1. Anticipate Resolve Needs: If you anticipate needing a Resolve operation and want to control the prompts, create it in your pipeline and let the optimizer find the appropriate blocking rules and thresholds.
2. Let the Optimizer Help: The optimizer can detect if you need a Resolve operation (e.g., because there's a downstream reduce operation you're optimizing) and can create a Resolve operation with suitable prompts and blocking rules.
3. Effective Comparison Prompts: Design comparison prompts that consider all relevant factors for determining matches.
4. Detailed Resolution Prompts: Create resolution prompts that effectively standardize or combine information from matched records.
5. Appropriate Model Selection: Choose suitable models for embedding (if used) and language tasks.
6. Optimize Batch Size: If you expect to compare a large number of pairs, consider increasing the compare_batch_size.
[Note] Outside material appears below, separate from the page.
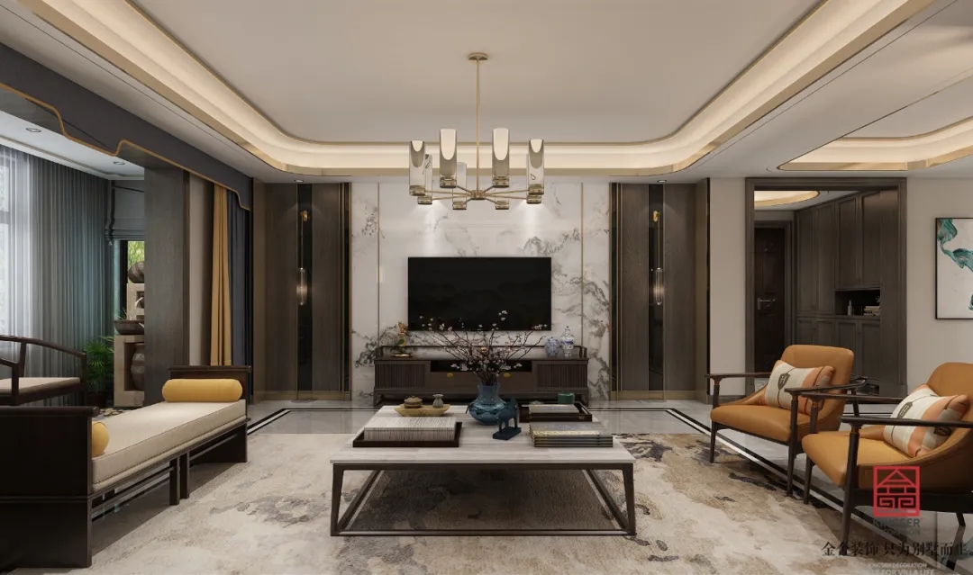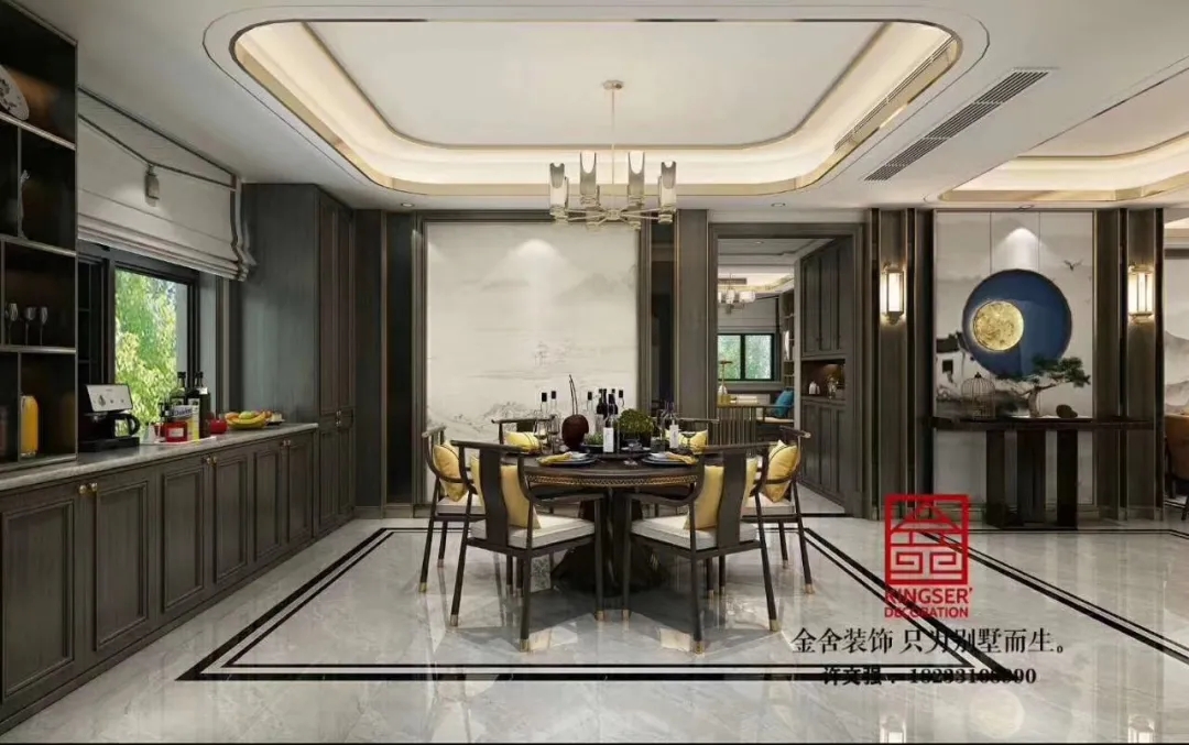 此案例為石家莊金舍裝飾-榮盛華府215平米新中式風(fēng)格裝修案例。新中式風(fēng)格傳承了傳統(tǒng)中式風(fēng)格的文化底蘊(yùn),又將現(xiàn)代審美融入其中,將含蓄內(nèi)斂的美學(xué)韻味徐徐呈現(xiàn)在了眾人面前,令人沉醉、留戀。似有靜謐、似含古韻,思想不禁浮想聯(lián)翩,無(wú)法掩飾一個(gè)人的精神世界,是心靈和性情的外化之地。中式元素與現(xiàn)代材質(zhì)搭配,既有文化的傳承又不會(huì)全盤(pán)固守傳統(tǒng),是現(xiàn)代的思想與千年來(lái)的文化彼此融合與碰撞。
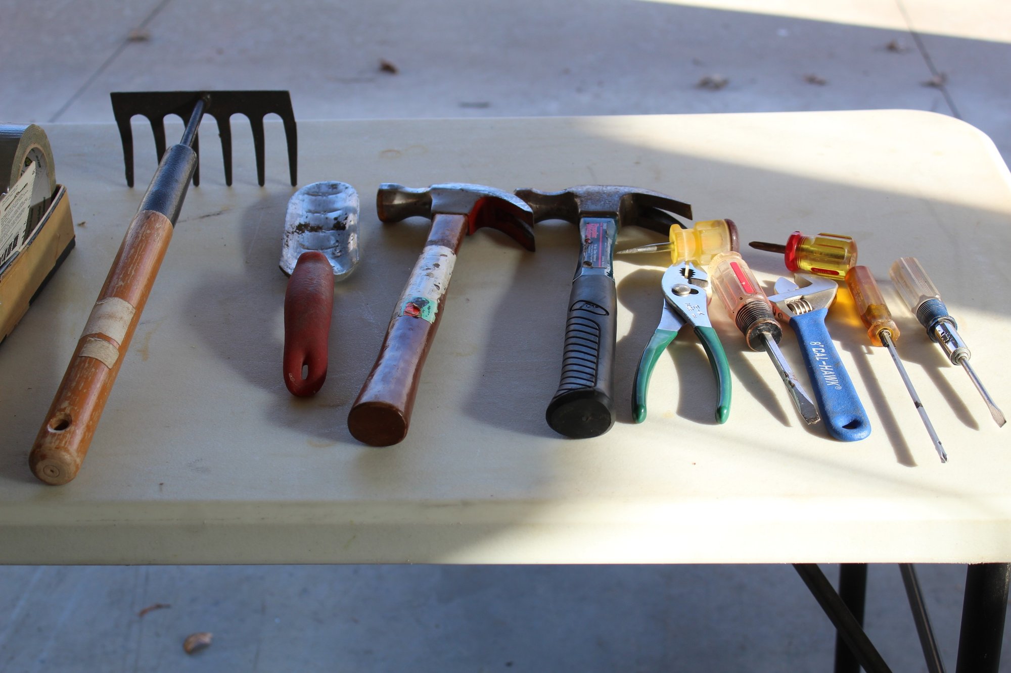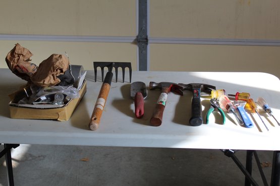 Tools, Hammers, Garden Rake, Miscellaneous Nails And Hardware

This parameter effectively limits parallelism, so a larger value can improve performance for large datasets.

Balancing Batch Size

While increasing compare_batch_size can improve parallelism, be cautious not to set it too high. Extremely large batch sizes might overwhelm system memory or exceed API rate limits. Consider your system's capabilities and the characteristics of your dataset when adjusting this parameter.

The Resolve operation is particularly useful for data cleaning, deduplication, and creating standardized records from multiple data sources. It can significantly improve data quality and consistency in your dataset.